THE PROBLEM — Your answer must be an exact copy of the data, without any pictures.

INFORMATION PROVIDED —
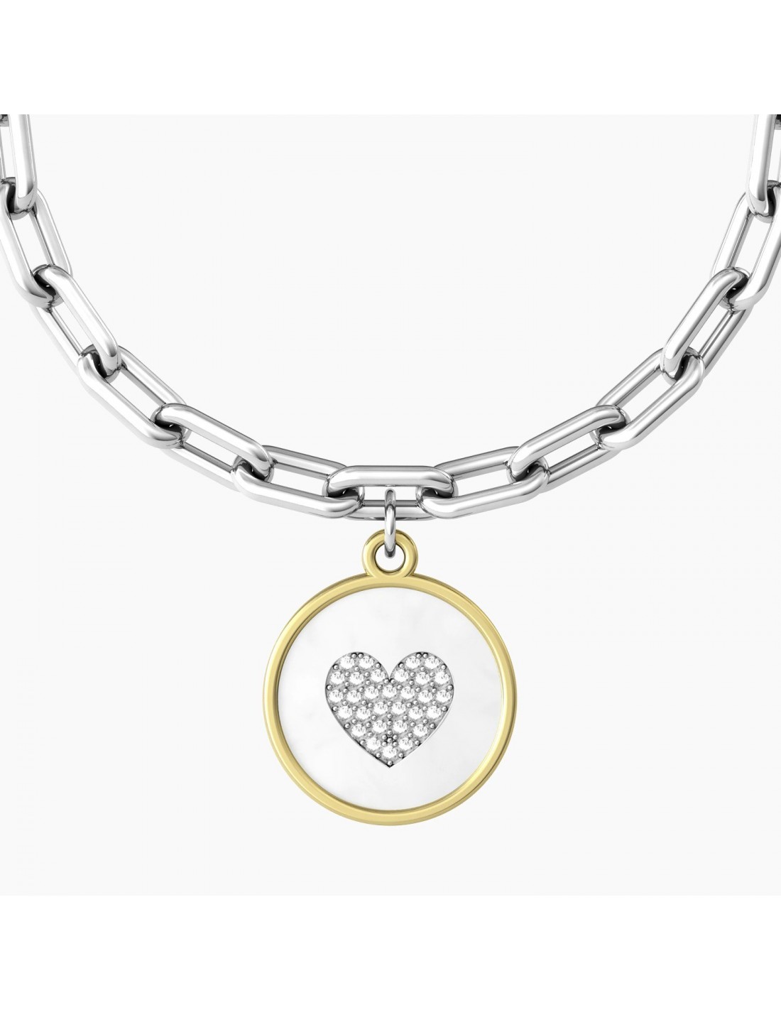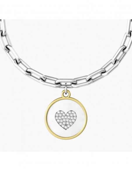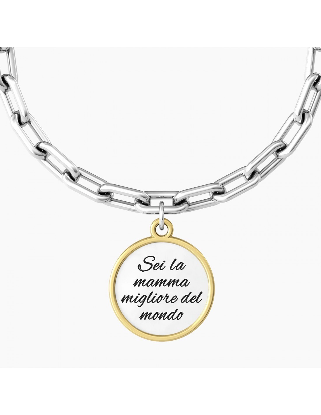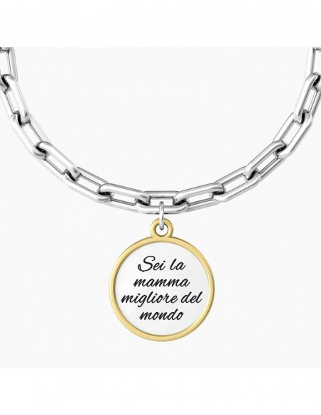 Mi aiuti, mi consigli, mi incoraggi, mi consoli, mi capisci, mi ami. Sei la mamma migliore del mondo. Bracciale in acciaio con catena a maglie ovali "comfort fit" e ciondolo satinato tondo con rifinitura color oro giallo e cuore in cristalli.
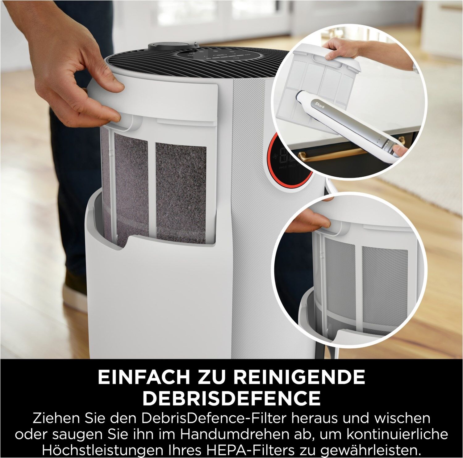 - DebrisDefence-Filter - Leicht zu reinigende Vorfilter beugen der Ansammlung von Staub, Haaren und Flusen in deinem HEPA-Filter vor
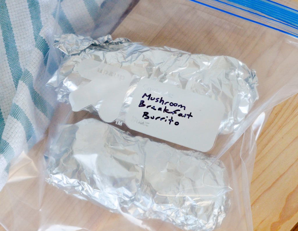 - Heat tortillas in the microwave and lay them out on four separate pieces of aluminum foil. Spread goat cheese on each tortilla and add roasted vegetables and scrambled eggs. Roll up in the foil and place in a freezer bag. Freeze.

REPLY TO THE EXERCISE —
 Mi aiuti, mi consigli, mi incoraggi, mi consoli, mi capisci, mi ami. Sei la mamma migliore del mondo. Bracciale in acciaio con catena a maglie ovali "comfort fit" e ciondolo satinato tondo con rifinitura color oro giallo e cuore in cristalli.
 - DebrisDefence-Filter - Leicht zu reinigende Vorfilter beugen der Ansammlung von Staub, Haaren und Flusen in deinem HEPA-Filter vor
 - Heat tortillas in the microwave and lay them out on four separate pieces of aluminum foil. Spread goat cheese on each tortilla and add roasted vegetables and scrambled eggs. Roll up in the foil and place in a freezer bag. Freeze.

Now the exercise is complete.